Saudi Basic Industries Corporation (SABIC) a enregistré sa troisième perte trimestrielle consécutive au deuxième trimestre 2025, poussant le géant pétrochimique à intensifier sa restructuration face à un marché structurellement défié. La société a réduit ses prévisions d’investissement de 500 millions de dollars, fixant désormais une fourchette entre 3 et 3,5 milliards de dollars pour 2025, alors que la surcapacité mondiale atteint des niveaux records de 218 millions de tonnes.
Fermetures européennes et optimisation du portefeuille
La fermeture du cracker de Teesside au Royaume-Uni en juin a généré 3,78 milliards de riyals saoudiens en charges et provisions, illustrant l’ampleur des défis auxquels fait face l’industrie européenne. Salah al-Hareky, vice-président exécutif des finances de SABIC, a confirmé que la société explorait des opportunités de consolidation du marché via des sorties partielles ou complètes, particulièrement en Europe et aux États-Unis. Cette stratégie s’inscrit dans un contexte où les crackers européens fonctionnent à seulement 70-75% de leur capacité, bien en deçà des 80-90% attendus par l’industrie.
Le directeur général Abdulrahman al-Fageeh a souligné que l’industrie pétrochimique reste structurellement défie, incluant une surcapacité mondiale prolongée et une pression soutenue sur les marges. Un bureau de gestion de projet dédié a été établi sous supervision directe du conseil d’administration pour accélérer l’optimisation du portefeuille avec discipline et urgence.
Projets stratégiques maintenus malgré les défis
Malgré ces difficultés, SABIC maintient ses investissements stratégiques en Asie. Le projet MTBE (méthyl tert-butyl éther) de Jubail, d’une capacité d’un million de tonnes métriques par an, affiche un taux d’achèvement de 95%, avec une mise en service prévue au troisième trimestre 2025. Le complexe pétrochimique de Fujian en Chine progresse selon le calendrier et le budget alloués, démontrant l’engagement de SABIC dans la région Asie-Pacifique.
La société a également annoncé l’évaluation stratégique et l’introduction en bourse prévue de sa filiale National Industrial Gases, dans le cadre de sa stratégie d’optimisation du portefeuille. Cette initiative s’accompagne d’un engagement fort envers la durabilité, avec des objectifs ambitieux de neutralité carbone d’ici 2050 et une réduction de 20% des émissions de gaz à effet de serre d’ici 2030.

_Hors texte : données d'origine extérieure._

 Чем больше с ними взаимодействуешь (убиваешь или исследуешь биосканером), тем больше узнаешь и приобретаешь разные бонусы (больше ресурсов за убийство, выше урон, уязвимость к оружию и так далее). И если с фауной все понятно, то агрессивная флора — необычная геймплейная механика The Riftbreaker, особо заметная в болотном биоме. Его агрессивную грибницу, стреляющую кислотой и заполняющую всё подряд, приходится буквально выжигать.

Performance financière sous pression
Les revenus du deuxième trimestre ont baissé de 0,4% par rapport à l’année précédente, s’établissant à 35,57 milliards de riyals saoudiens, malgré une augmentation des volumes de vente. Les volumes de vente pétrochimiques ont augmenté de 3% tandis que les prix moyens ont chuté de 3% sur une base trimestrielle. Cette divergence reflète les défis auxquels l’industrie est confrontée, avec une demande affaiblie par l’incertitude économique mondiale et une offre abondante.
La notation de crédit A+/A1 de SABIC reste parmi les meilleures du secteur chimique mondial, offrant une certaine résilience financière. La société a introduit 58 nouveaux produits pour ses clients au deuxième trimestre 2025, démontrant son engagement continu envers l’innovation centrée sur le client malgré les vents contraires du marché.

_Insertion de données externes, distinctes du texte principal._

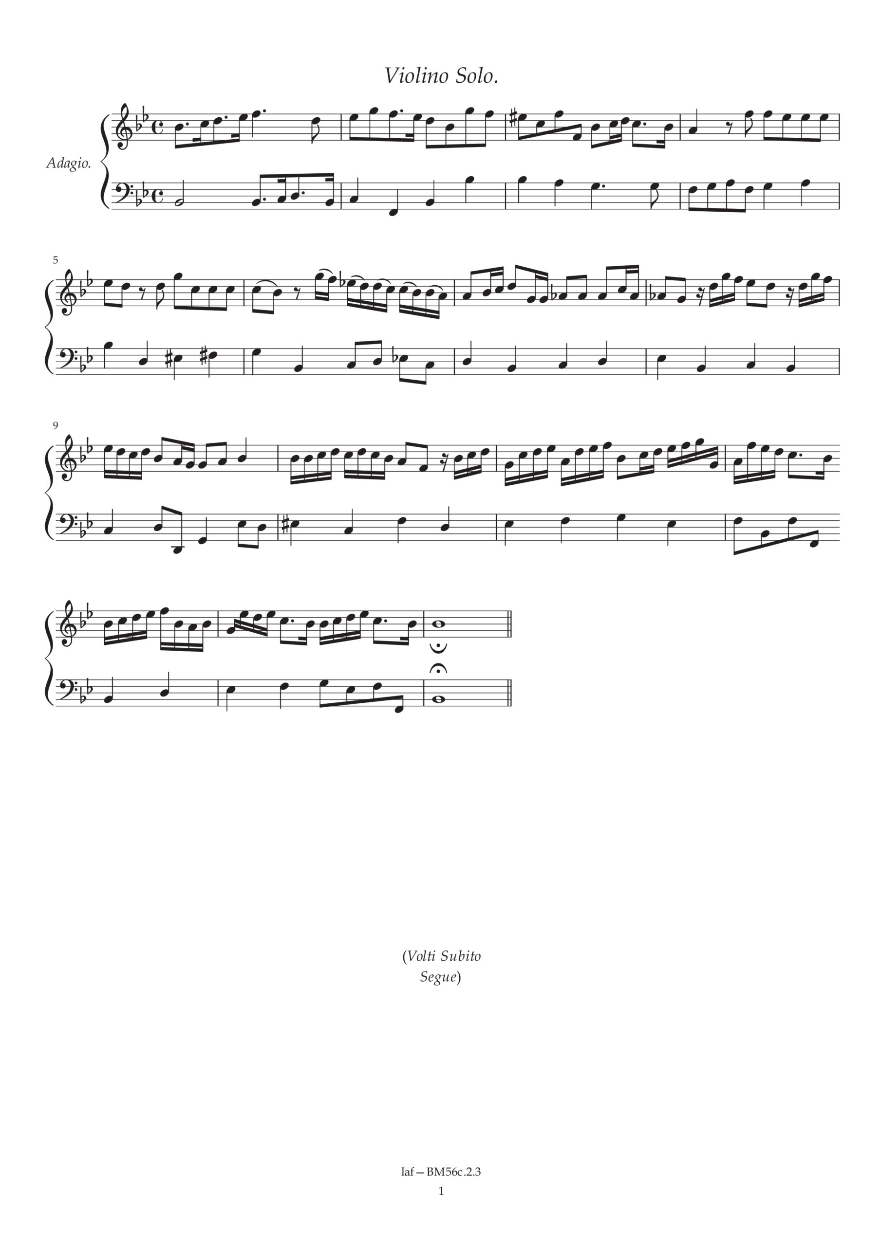 Bien que le titre de cette petite pièce la destine explicitement au violon, elle peut parfaitement être jouée avec un succès égal sur n'importe quel instrument de dessus, comme la flûte à bec – les trois premiers mouvements peuvent être joués sur la flûte alto, tandis que le dernier requiert une flûte soprano ou ténor –, le traverso, ou le hautbois, en raison de son ambitus et de sa tonalité.

Impact de l’autosuffisance chinoise sur les exportations
Un facteur critique affectant SABIC et l’ensemble du secteur pétrochimique du Moyen-Orient est la progression rapide de la Chine vers l’autosuffisance. Les producteurs chinois pourraient couvrir 75% de la demande nationale en polyéthylène haute densité, 94% en polyéthylène linéaire basse densité et plus de 100% en polypropylène d’ici 2025. Cette transformation structurelle force les exportateurs traditionnels à repenser leurs stratégies de marché et à explorer de nouvelles destinations comme l’Afrique et l’Amérique latine.
La capacité d’éthylène de la Chine augmente de 6,5% par an et devrait atteindre 87 millions de tonnes métriques d’ici 2030, soit plus du triple de la capacité actuelle de l’Union européenne. Cette expansion massive, combinée à la construction d’installations en Asie du Sud-Est pour contourner les tarifs occidentaux, redessine fondamentalement les flux commerciaux mondiaux de produits pétrochimiques. Les producteurs du Moyen-Orient, historiquement dépendants des exportations vers l’Asie, doivent désormais naviguer dans un paysage commercial radicalement différent, où leur principal marché d’exportation devient progressivement autosuffisant et même exportateur net pour certains produits.